Si l’on se contentait de lire les textes de loi, on pourrait penser que les VSS sont durement réprimées en France. Cependant, le manque de moyens ainsi que l’insuffisance des formations des policiers et gendarmes aggravent la situation. C’est ce que dénonce la dernière intervenante, l’avocate Déborah Diallo. On estime que seule une personne victime de violence sexuelle sur dix porte plainte, ce qui mène dans 10% des cas à une condamnation. Faites le calcul, et 99% de ces actes ne seraient pas punis par la justice. Maitre Diallo plaide pour des cellules spécialisées au sein des commissariats, et il est évident que l’État peut en faire beaucoup plus pour les victimes de VSS.

Témoigner, c’est s’aider soi-même, mais aussi aider les autres” Clara Laine d’Oser Dire Non

La cause n’est pas vaine pour autant. De nombreuses associations se battent afin de sensibiliser aux VSS. Delphine Beauvais intervient pour présenter SOLFA; Elle est directrice de son pôle “violences faites aux femmes”. Cette association vient en aide aux femmes vulnérables, dont les victimes de VSS, et est présente dans plusieurs communes du Nord. Elle leur fournit notamment de l’accueil d’urgence, des consultations pour enfants ainsi l’initiative de l’opération “En voiture Nina et Simon.e.s”, qui vise à partir à la rencontre de victimes de violences dans un van pour sensibiliser, écouter et libérer la parole. 
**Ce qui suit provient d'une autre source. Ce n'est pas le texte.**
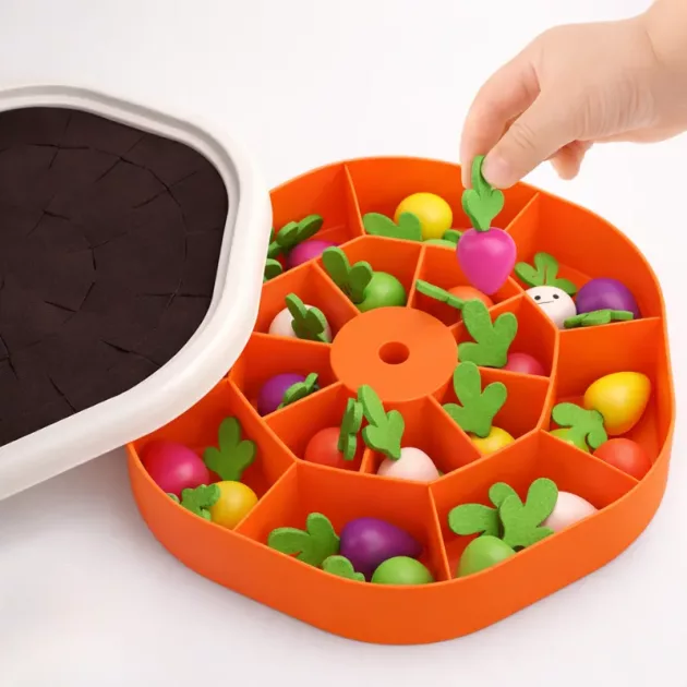 Moje dcera si chce hrát s mrkvovou hrou každý den. Jasné barvy a roztomilé tvary ji udržují nadšenou, zatímco já sleduji, jak přemýšlí nad každým hlavolamem.

C’est aussi l’objectif d’“Oser Dire Non” qui a organisé la conférence. Les animateurs, Clara Laine et Tom Soriano, se sont confiés à nous. “Lutter contre les VSS représente le cœur de l’association” nous explique Clara. Avec fierté, elle poursuit : “La conférence est assez représentative de ce que [nous portons] et représente notre plus grand succès. Tout comme la campagne d’affichage de sensibilisation sur les VSS à Lille 1, 2 et 3 ainsi qu’à l’ESJ et sur les sites internet”. Tom précise que d’autres projets ont été suspendus par la pandémie, notamment un concours d’éloquence. Mais d’autres initiatives auront lieu en 2022.

Si Oser Dire Non n’est pour l’instant présente qu’à l’ESJ, “ce n’est pas du tout réservé aux membres de l’ESJ. C’est une association ouverte à tous et à toutes”. D’ailleurs, pour rejoindre “Oser Dire Non” c’est “très simple” déclare Clara. Elle explique : “Sur les réseaux sociaux ou par mail, il suffit d’envoyer un message ou un mail en expliquant ses motivations pour entrer dans l’association, sans campagne de recrutement ou entretien”. “Témoigner, c’est s’aider soi-même, mais aussi aider les autres” avait-elle dit au début de la conférence. Libérer enfin la parole des victimes pour qu’elle noie le vacarme des idées reçues et le silence oppressant des non-dits.